A Difference You Can Taste: Perissos Vineyards 2014 Viognier
You might say that the Perissos Vineyard 2014 Viognier is a “whole bunch better”. OK, there was no 2013 Perissos Viognier due to the series of late Spring frosts. So, you might ask, “better than what”.
I first got the feeling that things were going to be different when, during the 2014 harvest, I showed up at Perissos Vineyard near the Texas hamlet of Burnet. Winery owner and winemaker Seth Martin was pressing his freshly harvested Viognier and keeping a close eye on the pressure gauge on his press.

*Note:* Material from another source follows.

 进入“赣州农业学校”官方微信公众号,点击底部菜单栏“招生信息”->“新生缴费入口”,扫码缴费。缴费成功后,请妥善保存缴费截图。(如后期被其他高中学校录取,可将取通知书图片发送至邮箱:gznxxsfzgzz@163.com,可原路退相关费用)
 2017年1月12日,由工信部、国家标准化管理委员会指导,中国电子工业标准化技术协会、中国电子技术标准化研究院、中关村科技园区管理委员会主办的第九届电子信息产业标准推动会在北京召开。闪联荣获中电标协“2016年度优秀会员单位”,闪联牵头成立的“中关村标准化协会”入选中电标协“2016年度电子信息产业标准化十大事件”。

As my notes said, “ I showed up to see what Seth was doing. It was a remarkable August 1st harvest day for his estate vineyard’s Viognier. The Muscat was already in the winery, the vineyard temperatures were hanging around the upper 80s, refreshing breezes whisked through the vines, vineyard hands were lunching on pizza and Viognier juice was running from his press….” [Click here for more.]

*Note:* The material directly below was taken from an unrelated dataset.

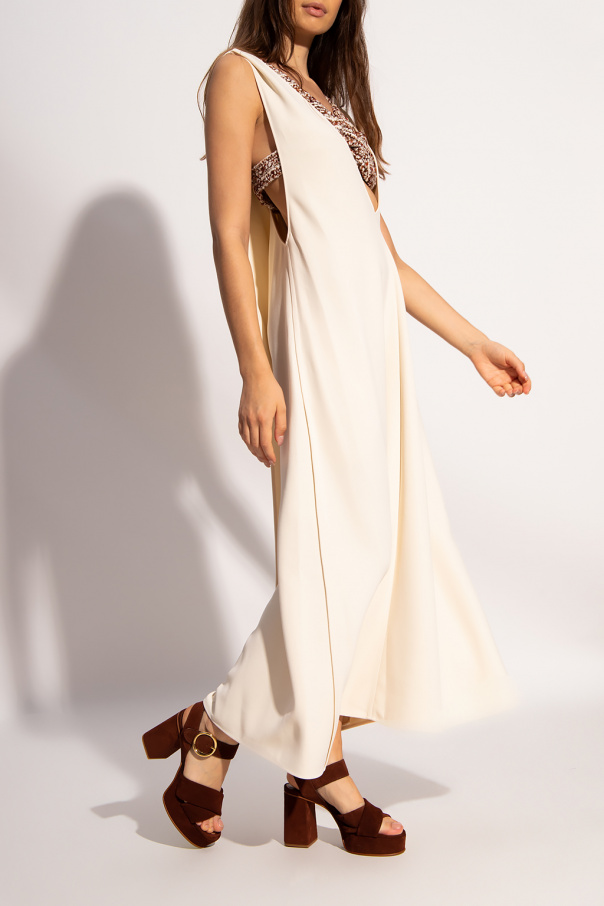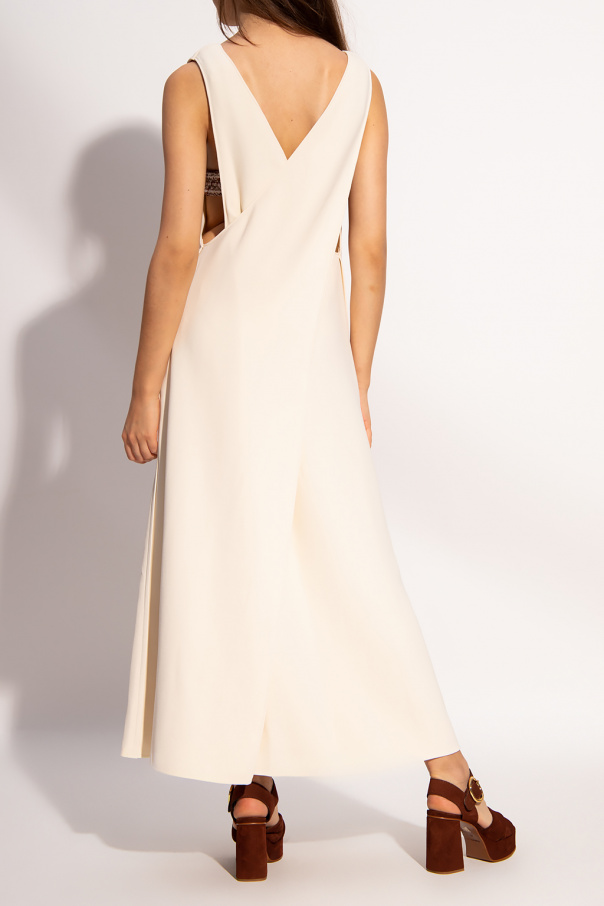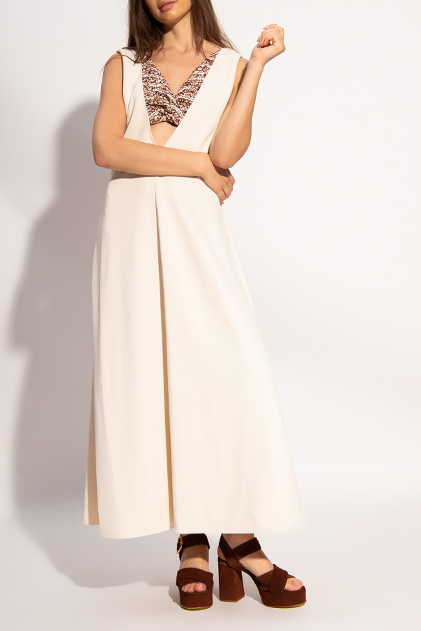 Cream sleeveless dress from Proenza Schouler. This loose-fitting V-neck design has side pockets and comes with a detachable brown bra with a twisted front.

When I asked Seth, what was up to warrant all this attention? He said, “I’m trying something new, at least for us. We’re whole cluster pressing our Viognier.” Seth’s reference to cluster pressing was a reference to a technique counter to the norm in most wineries today where the grapes are sent through a crusher/destemmer before pressing.

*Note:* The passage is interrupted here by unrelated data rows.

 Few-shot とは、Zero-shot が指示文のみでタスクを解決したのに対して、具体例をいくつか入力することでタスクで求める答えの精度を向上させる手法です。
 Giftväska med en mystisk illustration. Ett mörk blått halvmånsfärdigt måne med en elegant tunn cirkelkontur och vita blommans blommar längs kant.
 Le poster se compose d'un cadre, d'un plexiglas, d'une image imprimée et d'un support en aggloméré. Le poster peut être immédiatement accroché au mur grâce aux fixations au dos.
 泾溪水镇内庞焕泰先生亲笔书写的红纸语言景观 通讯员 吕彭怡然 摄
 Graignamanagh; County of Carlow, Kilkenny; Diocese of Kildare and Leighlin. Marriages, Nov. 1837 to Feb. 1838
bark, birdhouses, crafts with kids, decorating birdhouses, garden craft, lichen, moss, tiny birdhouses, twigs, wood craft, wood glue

Well, it’s a year later and I’ve just had my first opportunity to taste the fruits of Seth’s labor on the Perissos Vineyard 2014 Viognier. Available for a side-by-side tasting was Seth’s very worthy Perissos Vineyard 2012 Viognier.
The comparison starts in the glass. The 2014 Viognier shows its difference with a blush, a copper tone added to the golden straw usually exhibited by Viognier wines. In the glass, there was an aromatic finesse launched with waxy floral notes of plumeria integrated with peach and pear that seemed to seamlessly flow into the essence of white peach on the palate. By comparison the 2012 Viognier was also carried by aromatic notes but from ripe tropical fruits that land on the palate with a tartness of green papaya salad with orange citrus dressing. Both are good wine, but the 2014 Viognier raises the bar on what I would describe as finesse: the characteristic of a soft, more refined and integrated manner, yet interesting in its ability to linger on and on. Where the 2012 might be described as a bit heady and ripe, the 2014 plays a more approachable and passionate game capable of accompanying lighter fare.
Previously, I had seen the cluster pressing method used, but mostly applied to Chardonnay or Pinot Noir and especially in the making sparkling wines and Champagne. My introduction was during a winery visit in the Russian River region of California. Its main benefits were to overcome avoid harsh edges in early-harvested grapes with low Brix common for sparkling wine production. During my visit to Perissos, whole cluster pressing of warm weather grapes like Viognier appears to yield benefits Texan can enjoy.
When I checked my notes made after my 2014 Perissos visit, I found this comment:
“My guess is that this process will make a different style wine for Seth. It generally creates a more delicate, lighter-styled wine than using conventional destemming and crushing. However, it can also bring a few new high notes and tannins to the wine derived from the seeds and stems if higher pressing pressures are used. Such are the yin-yang stylistic dilemmas of winemakers that try to push their limits.”
I can say now that Seth’s careful attention to the pressure gauge on his press was well placed and the outcome for the Perissos 2014 Viognier was exceptional.